„Ökologisch richtig“

Steigende Benzinpreise fördern den Verkauf Sprit sparender Autos, sagt Martin Jänicke, Sachverständiger der Bundesregierung für Umweltfragen

Interview HANNES KOCH

taz: Der Preis für Superbenzin liegt über zwei Mark – und nun wollen die Ölkonzerne noch 13 Pfennige draufschlagen. Glauben Sie den Unternehmen, dass sie das tun müssen, weil sie sonst kein Geld verdienen?

Martin Jänicke: Der hohe Wert des US-Dollar und die steigenden Rohölpreise müssen wahrscheinlich dazu führen, dass auch der Benzinpreis anzieht. Aber der notwendige Umfang ist schwer zu beurteilen. Nach aller Erfahrung sind die Ölkonzerne ja in der Lage, kräftig zu ihren Gunsten umzuverteilen.

Sie meinen, dass die angekündigte Erhöhung um 13 Pfennig teilweise dazu ient, die Taschen der Industrie zu füllen?

Das sichert zumindest die hohe Rendite.

Empfinden Sie dennoch Sympathie dafür, dass die Unternehmen die Benzinpreise erhöhen wollen?

Wenn das nur dazu dient, die Gewinnmargen zu sichern, kann man das nicht sinnvoll finden. Aus ökologischer Sicht betrachtet ist aber jede Erhöhung richtig.

Damit die Leute weniger Autofahren, wenn das Benzin mehr kostet?

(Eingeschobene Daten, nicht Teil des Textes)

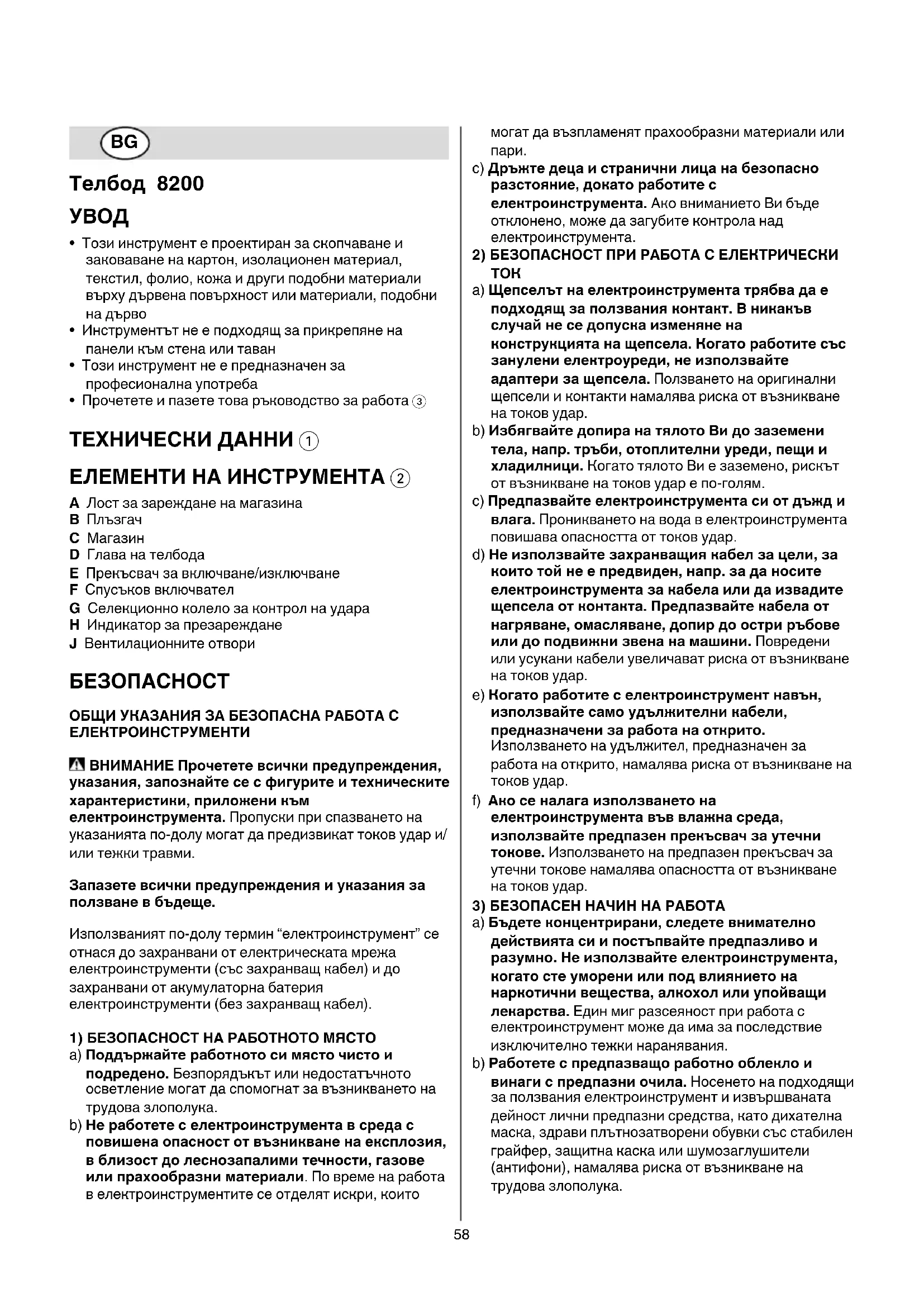 - Прочетете и пазете това ръководство за работа 3 ТЕXHИЧЕСКИ ДАННИ 1 ЕЛЕМЕНТИ НА ИНСТРУМЕНТА 2 A Лост за зареждане на магазина B Плъзгач C Магазин D Глава на телбода E Прекъсвач за включване/изключване F Спусъков включвател G Селекционно колело за контрол на удара H Индикатор за презареждане J Вентилационните отвоpи БЕЗОПАСНОСТ ОБЩИ УКАЗАНИЯ ЗА БЕЗОПАСНА РАБОТА С ЕЛЕКТРОИНСТРУМЕНТИ ВНИМАНИЕ Прочетете всички предупреждения, указания, запознайте се с фигурите и техническите характеристики, приложени към електроинструмента. Пропуски при спазването на указанията по-долу могат да предизвикат токов удар и/ или тежки травми. Запазете всички предупреждения и указания за ползване в бъдеще. Използваният по-долу термин “електроинструмент” се отнася до захранвани от електрическата мрежа електроинструменти (със захранващ кабел) и до захранвани от акумулаторна батерия електроинструменти (без захранващ кабел).

In erster Linie sehe ich darin ein Signal, auf bessere Technik umzusteigen. Die Leute werden ermuntert, sparsamere Autos zu kaufen. Die Ersparnis dadurch kann viel höher ausfallen als durch niedrigere Spritpreise. Überlegen Sie sich mal, wie viel Geld man in zehn Jahren spart, wenn man ein Auto mit fünf Liter Verbrauch fährt, anstatt eines, das neun Liter schluckt. Da geben Sie einige tausend Mark weniger aus. Die Erhöhung der Kosten für Treibstoff ist keine Erdrosselung des Autofahrers, wie immer behauptet wird – eher ein Ansatz, mittelfristig die Kosten zu verringern.

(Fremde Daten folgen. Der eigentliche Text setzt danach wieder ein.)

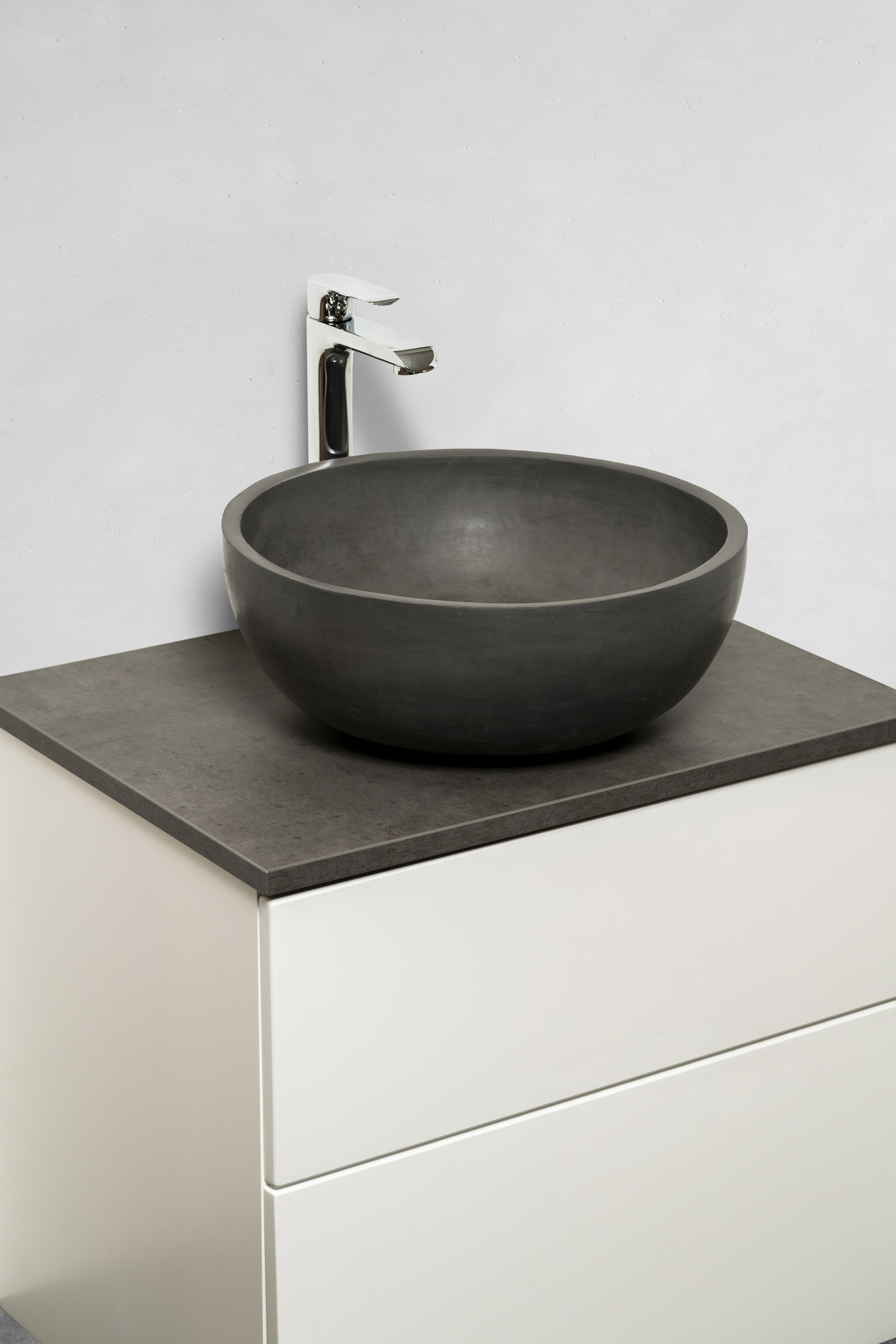 Fristående handfat i cement. Ej överfyllnadsskydd (CL00) (Här vet jag inte riktigt vilka värdeord vi vill använda.. Rå, industriell känsla är ju säljande för vissa men inte för andra ;-)) Naturligt, jordnära, SPA-feeling (CJ)

Die Ölindustrie macht jetzt im Ergebnis das, was die Grünen immer schon wollten: Spritpreise rauf.

Wenn ein Lenkungseffekt zugunsten der Umwelt und des Klimas eintreten würde, wäre das ökologisch natürlich zu wünschen. Das muss man nicht beklagen. Leider ist aber bekannt, dass die Leute wegen steigender Preis nicht weniger mit dem Auto fahren.

Mit derart unpopulären Argumenten leisten Sie der Kampagne Vorschub, die zur Zeit gegen die rot-grüne Bundesregierung läuft.

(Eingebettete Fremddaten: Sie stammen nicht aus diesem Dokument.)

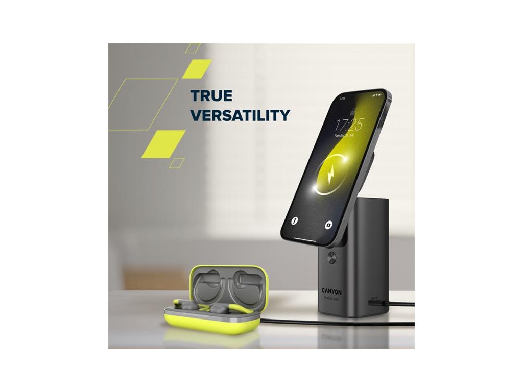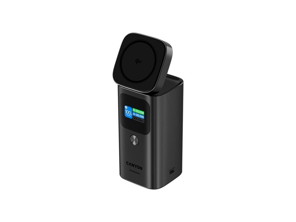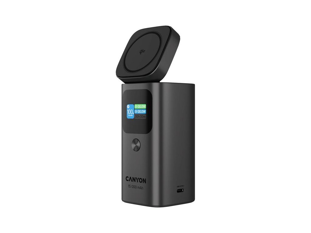 Canyon OnPower 150, Powerbank, 15.000 mAh, 100W, displej, in:USB-C, out:2x USB-C/1xUSB-A, Qi2 bezdr. nabíjanie CNS-CPB150DG

Ich bin nicht Politiker, sondern Wissenschaftler. Für meine Position gibt es viele gute Argumente, die zum Beispiel die Organisation für Wirtschaftliche Zusammenarbeit und Entwicklung (OECD) immer wieder erwähnt. Und die Ökosteuer haben viele andere europäische Länder längst eingeführt. Nur in Deutschland ist der Widerstand derart hartnäckig.

Fürchten Sie, dass die Regierung klein beigibt und die nächste Stufe der Steuererhöhung hinauszögert?

Das wäre sehr ungewöhnlich. Die Rücknahme würde ähnliche politische Kosten mit sich bringen wie die Einführung – nur bei einer anderen Klientel. Millionen organisierter Umweltschützer würden das gar nicht verstehen.